There are many references on the net, both for model makers and vehicle restoring:

Canadian Markings:
http://www.canadiansoldiers.com/

General notes on markings for restoring military vehicles:
http://bcoy1cpb.pacdat.net/markings_on_military_vehicles.htm


Australian Markings:
http://home.austarnet.com.au/screenprinter/Australian_Tac_Signs.html

New Zealand Markings:
http://www.diggerhistory.info/pages-badges/tac/nz-tac.htm


----------



## Michael Dorosh (24 May 2005)

Hmmm- the stuff on my website is post 1941 - as is the stuff at http://britmods.freehosting.net/infdiv.htm (one of my outdated and abandoned sites).

They changed a lot during the war.   Best to see if someone can go to the PRO for you in England and check the Army Council Instructions mebbe.....??

Barry Beldam wrote the book (literally) on the Canadian vehicle regs, and they changed considerably from the early war period, mostly in differing unit serials.


----------



## Acorn (24 May 2005)

Thanks guys.
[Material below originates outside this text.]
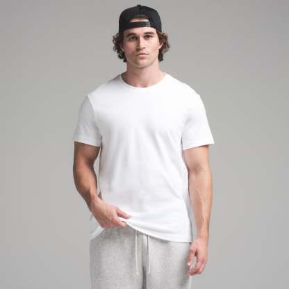 The new standard of classic. Constructed with 100% cotton, this incredibly-soft everyday staple is perfect for lounging and layering in supreme comfort. Features a crew neck and short sleeves. Fits true to size.

Michael, your site was the only one I hadn't seen. Very informative. It confirms what I already knew (the colour of the sr, mid and jr bdes, plus colours for RA/RHA, Engr and others). Was the number in the square always the same from division to division? I.e. sr regt of sr bde would be 55 in a red square? Then, of course, I'd have to confirm that this was the standard in '41. I have a ref at home that shows 7th Armd div at Alamein, but some of the units in the formation were different from what the div had in '41. If the numbering is standard, I can probably SWAG the symbol so long as I don't start modelling the trucks of some of the div svcs troops.

I'll have to see if Barry Beldam will answer an e-mail from an old Int Branch colleague. I hadn't even thought about him, despite passing his models in CFSMI (and formerly CFSIS in Borden) every day while on courses.

Acorn


----------



## klambie (24 May 2005)

Beldam has a site with some stuff here:

http://www.armouredacorn.com/


----------



## Brad Sallows (24 May 2005)

Which part of 1941?

http://www.btinternet.com/~ian.a.paterson/org.htm


----------



## Acorn (24 May 2005)

klambie, thanks. I have his old site, which doesn't work anymore.

Brad, I have that one linked. Good order of battle info, but no markings info I could find.

Acorn


----------



## Acorn (25 May 2005)

In case anyone else is interested, apparently the best, though not definitive, work on the subject is:
_Hodges Peter
*British Military Markings 1939-1945*
London: Almark Publishing Co, 1971._ There's also a reprint, with additional info, from 1994 from a different publisher.

Now I just have to find a copy. Thanks for the help everyone.

Acorn


----------